-- RECORDS follows --
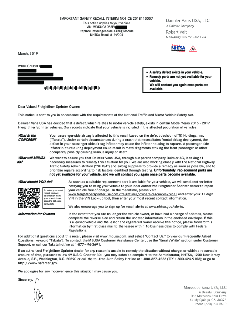 IMPORTANT SAFETY RECALL INTERIM NOTICE 2018110007 This notice applies to your vehicle VIN: WDDUG6DB8FA Replace Passenger side Airbag Module NHTSA Recall #19V004March, 2019 WDDUG6DB8FA A safety defect
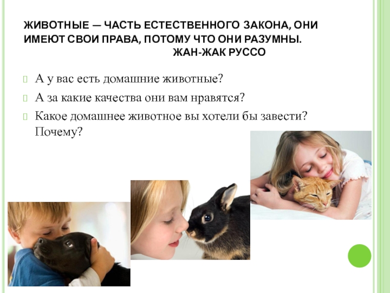 Слайд 2ЖИВОТНЫЕ — ЧАСТЬ ЕСТЕСТВЕННОГО ЗАКОНА, ОНИ ИМЕЮТ СВОИ ПРАВА, ПОТОМУ ЧТО
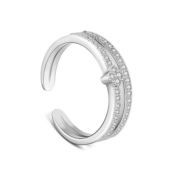 PandaHall TINYSAND Rhodium Plated 925 Sterling Silver Cuff Rings, Open Rings, with Star and Cubic Zirconia, Platinum, US Size 6(16.5mm)... Price: $0 | PandaHall
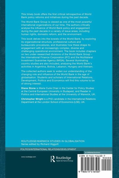 This timely book offers the first critical examination of World Bank policy reforms and initiatives during the past decade. The World Bank is viewed as one of the most powerful international organizations of our time. The authors critically analyze the influence of the institution's policy and engagement during the past decade in a variety of issue areas, including human rights, domestic reform, and the environment. The World Bank and Governance delves into the bowels of the World Bank, exploring its organizational structure, professional culture and bureaucratic procedures, illustrating how these shape its engagement with an increasingly complex, diverse and challenging operational environment. The book includes chapters on two under-researched divisions of the World Bank: the International Finance Corporation and the Multilateral Investment Guarantee Agency. Several illuminating country studies are also included, analyzing the World Bank's activities in Argentina, Bolivia, Lebanon, Hungary and Vietnam. This volume will be of great interest to students and scholars of international relations, development, politics and economics.
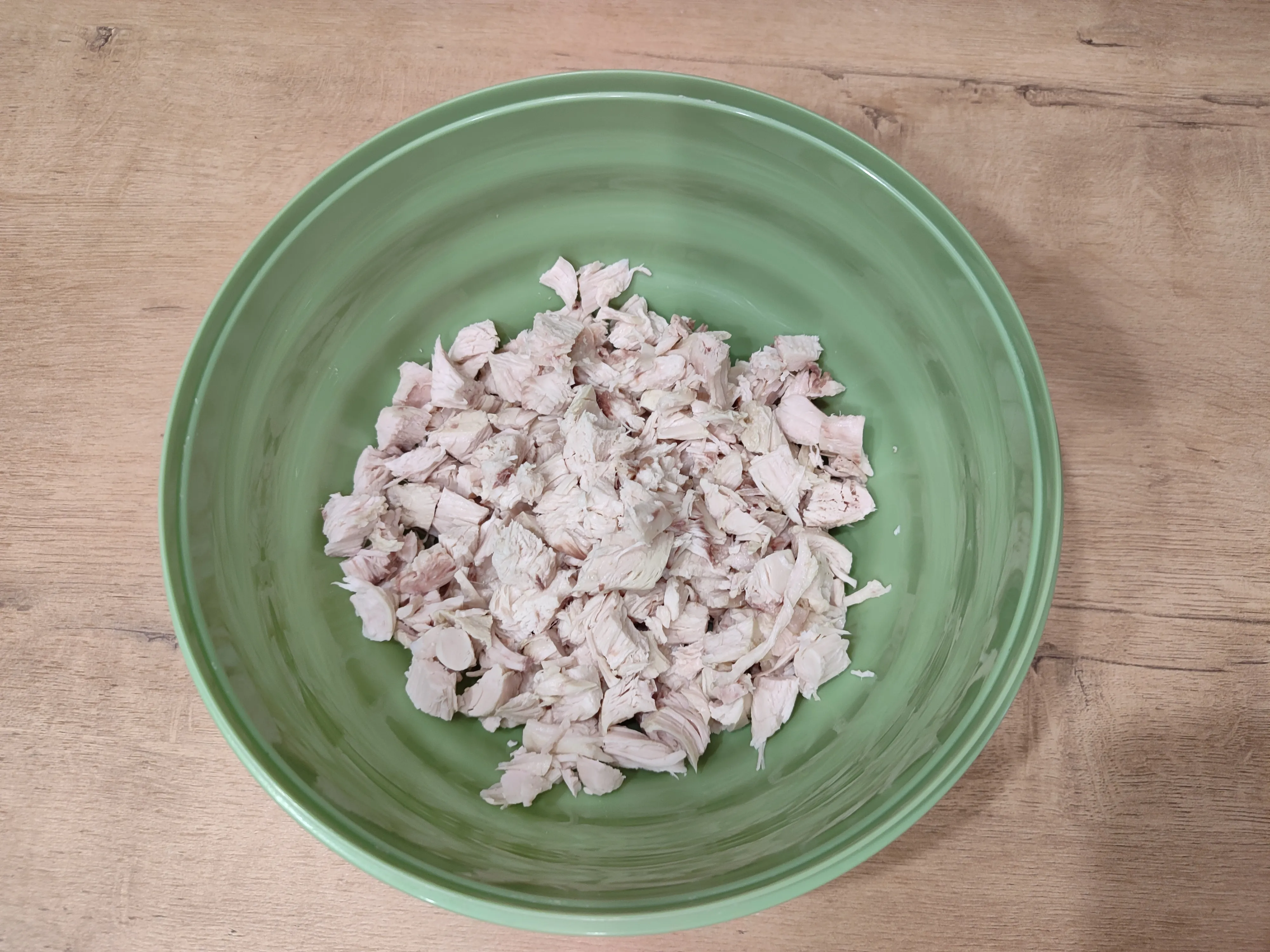 Подготовьте все необходимые ингредиенты. Варёную куриную грудку нарежьте на кубики.
-- RECORDS concluded --
### WHAT NEEDS TO BE DONE
Only the lines from the top of the data through the line with "PandaHall TINYSAND Rhodium" should be quoted, exactly and with both ends kept; skip the pictures.

### TASK RESULT
 IMPORTANT SAFETY RECALL INTERIM NOTICE 2018110007 This notice applies to your vehicle VIN: WDDUG6DB8FA Replace Passenger side Airbag Module NHTSA Recall #19V004March, 2019 WDDUG6DB8FA A safety defect
 Слайд 2ЖИВОТНЫЕ — ЧАСТЬ ЕСТЕСТВЕННОГО ЗАКОНА, ОНИ ИМЕЮТ СВОИ ПРАВА, ПОТОМУ ЧТО
 PandaHall TINYSAND Rhodium Plated 925 Sterling Silver Cuff Rings, Open Rings, with Star and Cubic Zirconia, Platinum, US Size 6(16.5mm)... Price: $0 | PandaHall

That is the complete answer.